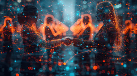 Two silhouetted hands extend toward each other, with glowing connection lines and dots highlighting the interaction in a dark environment.
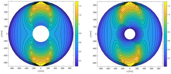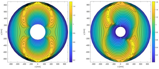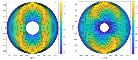 Most robot applications consist of picking and placing objects, moving first among the z axis to pick the part, then horizontally among a certain plane, and then again along the z axis to place the part. For this reason, the direction of interest was first set along the x axis. For each set of coordinates , the orientation was set to expressed as Euler angles (z, , rotation sequence), and the inverse kinematic problem was solved. With the set of joint values obtained, the Jacobian matrix was calculated. By inverting the Jacobian matrix, it was then possible to compute the joint velocities, consider their absolute value, and divide it by their relative maximum joint velocity. For a given point, the maximum value of the division was taken as , and then K is the KDI value for that specific point. As mentioned above, the value of the KDI index depends on : the maximum joint speed was first set as for each joint. Figure 4 shows the trend of the KDI value obtained in the workspace for both architectures. The whole horizontal plane of the workspace is depicted in a color that represents the value of the obtained KDI from blue (lowest values) to yellow (highest values). The region of the workspace depicted in blue denotes an area of the workspace where the KDI assumes a low value and therefore an area of the workspace where the robot cannot reach a high speed when performing a movement along the x axis. In contrast, the region of the workspace depicted in yellow denotes an area where the KDI assumes a high value and the robot can reach a high speed when moving along the direction of the x axis. Figure 4 shows no considerable difference between the two architectures, except that the graph for the articulated robot with a non-spherical wrist is not symmetrical and the KDI assumes low values not only near the outer limit of the workspace but also near its inner limit.
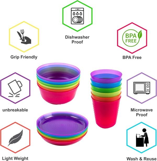 Crafted from high-quality, BPA-free plastic, this dinnerware set is not only safe but also microwavable and dishwasher-safe, making it incredibly convenient for busy parents. Your child can enjoy their favorite meals at home, on picnics, or during sleepovers with confidence, knowing they’re using durable, break-resistant items.
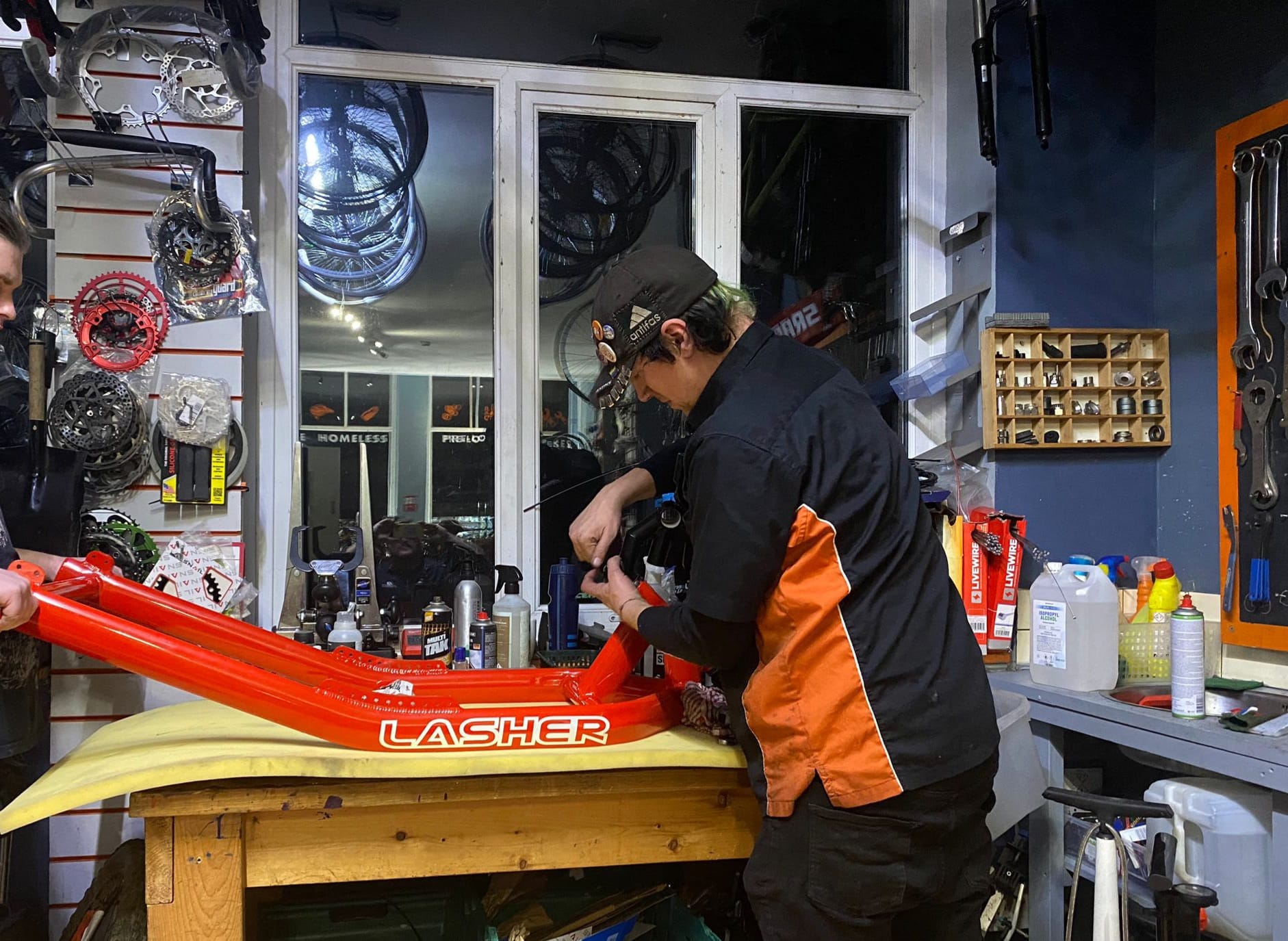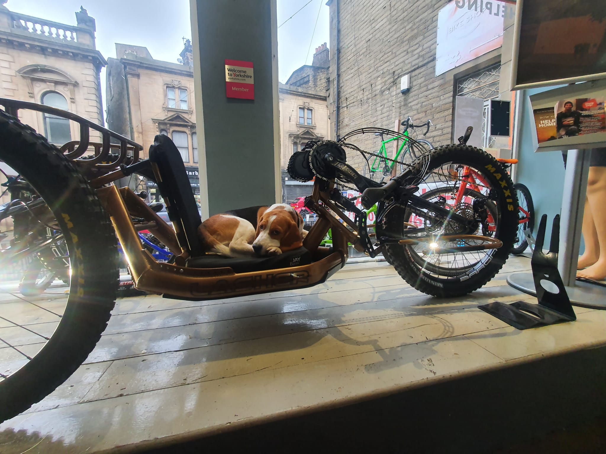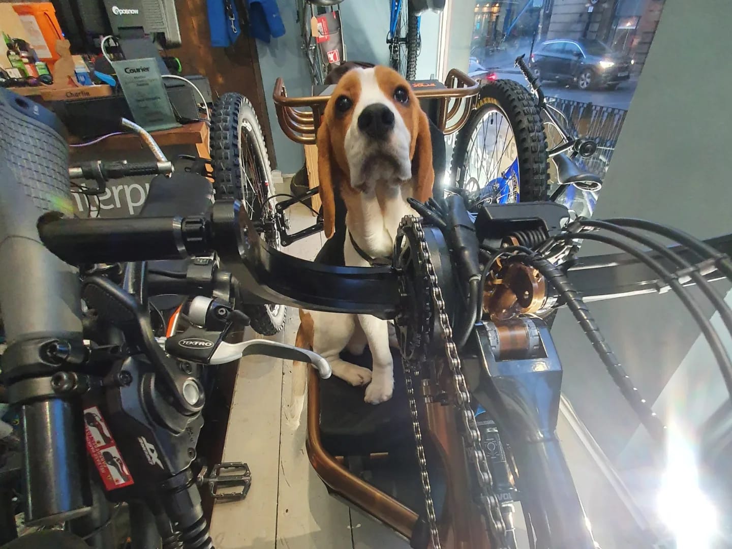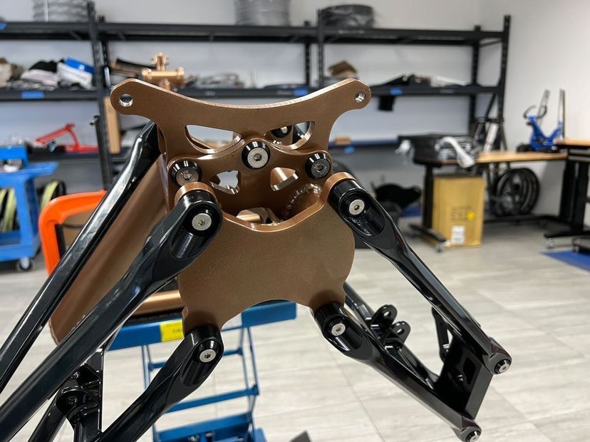 The linkage at the back of the bike was a sight to behold as well, an absolute feat of engineering prowess. From the shop suspension squash test (which we probably spent far too long doing but it’s mesmerising to watch the linkage at work) It certainly looks like it’s gonna do the trick and teamed with the enormous tyres it should have grip for days.

Task goal: Leave out the images and copy all remaining data word for word.

Solution to the problem:
 Two silhouetted hands extend toward each other, with glowing connection lines and dots highlighting the interaction in a dark environment.
 Most robot applications consist of picking and placing objects, moving first among the z axis to pick the part, then horizontally among a certain plane, and then again along the z axis to place the part. For this reason, the direction of interest was first set along the x axis. For each set of coordinates , the orientation was set to expressed as Euler angles (z, , rotation sequence), and the inverse kinematic problem was solved. With the set of joint values obtained, the Jacobian matrix was calculated. By inverting the Jacobian matrix, it was then possible to compute the joint velocities, consider their absolute value, and divide it by their relative maximum joint velocity. For a given point, the maximum value of the division was taken as , and then K is the KDI value for that specific point. As mentioned above, the value of the KDI index depends on : the maximum joint speed was first set as for each joint. Figure 4 shows the trend of the KDI value obtained in the workspace for both architectures. The whole horizontal plane of the workspace is depicted in a color that represents the value of the obtained KDI from blue (lowest values) to yellow (highest values). The region of the workspace depicted in blue denotes an area of the workspace where the KDI assumes a low value and therefore an area of the workspace where the robot cannot reach a high speed when performing a movement along the x axis. In contrast, the region of the workspace depicted in yellow denotes an area where the KDI assumes a high value and the robot can reach a high speed when moving along the direction of the x axis. Figure 4 shows no considerable difference between the two architectures, except that the graph for the articulated robot with a non-spherical wrist is not symmetrical and the KDI assumes low values not only near the outer limit of the workspace but also near its inner limit.
 Crafted from high-quality, BPA-free plastic, this dinnerware set is not only safe but also microwavable and dishwasher-safe, making it incredibly convenient for busy parents. Your child can enjoy their favorite meals at home, on picnics, or during sleepovers with confidence, knowing they’re using durable, break-resistant items.
 The linkage at the back of the bike was a sight to behold as well, an absolute feat of engineering prowess. From the shop suspension squash test (which we probably spent far too long doing but it’s mesmerising to watch the linkage at work) It certainly looks like it’s gonna do the trick and teamed with the enormous tyres it should have grip for days.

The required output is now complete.